Os honorários advocatícios recursais ficam fixados em quantia equivalente a 1% (um por cento) do valor da causa, ficando suspensa a respectiva cobrança em razão dos benefícios da assistência judiciária concedidos.
É o voto.
Brasília, data da assinatura eletrônica.
DESEMBARGADORA FEDERAL NILZA REIS
RELATORA

PODER JUDICIÁRIO
TRIBUNAL REGIONAL FEDERAL DA PRIMEIRA REGIÃO
Gab. 27 - Desembargadora Federal Nilza Reis
123APELAÇÃO CÍVEL (198)1001845-21.2024.4.01.9999
IVO DE SOUSA RAMALHO
Advogado do(a) APELANTE: JULIANA MARIA PRATA BORGES SILVA - MG87487-A
INSTITUTO NACIONAL DO SEGURO SOCIAL - INSS
EMENTA
PREVIDENCIÁRIO. BENEFÍCIO ASSISTENCIAL À PESSOA COM DEFICIÊNCIA. LAUDO PERICIAL CONCLUSIVO DA INEXISTÊNCIA DE DEFICIÊNCIA. NÃO CABIMENTO DO BENEFÍCIO. APLICAÇÃO DO ART. 20 DA LEI N° 8.742/93.
1. Os requisitos para a concessão do benefício de prestação continuada encontram-se elencados no art. 20 da Lei nº 8.742/93, quais sejam: a) ser pessoa com deficiência ou idoso com 65 anos ou mais; b) não receber benefício no âmbito da seguridade social ou de outro regime e c) ter renda mensal familiar per capita inferior a ¼ do salário mínimo (requisito para aferição da miserabilidade).

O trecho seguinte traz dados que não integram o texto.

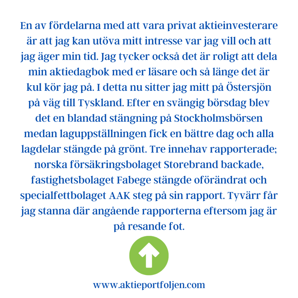 En av fördelarna med att vara privat aktieinvesterare är att jag kan utöva sitt intresse var jag vill och att jag äger min tid. Jag tycker också det är roligt att dela min aktiedagbok med er läsare och så länge det är kul kör jag på. I detta nu sitter jag mitt på Östersjön på väg till Tyskland. Efter en svängig börsdag blev det en blandad stängning på Stockholmsbörsen medan laguppställningen fick en bättre dag och alla lagdelar stängde på grönt. Tre innehav rapporterade; norska försäkringsbolaget Storebrand backade, fastighetsbolaget Fabege stängde oförändrat och specialfettbolaget AAK steg på sin rapport. Tyvärr får det stanna där angående rapporterna eftersom jag är på resande fot.

2. Consta no laudo da perícia médica judicial que, apesar da patologia da parte autora, não há impedimento de longo prazo capaz de inviabilizar a sua participação plena e efetiva em sociedade. Logo, não restou caracterizada a deficiência para fins de concessão do benefício assistencial pleiteado.
3. Apelação da parte autora não provida.
ACÓRDÃO
Decide a Nona Turma do Tribunal Regional Federal da 1ª Região, por unanimidade, negar provimento à apelação da parte autora, nos termos do voto da relatora.
Brasília, data da assinatura eletrônica.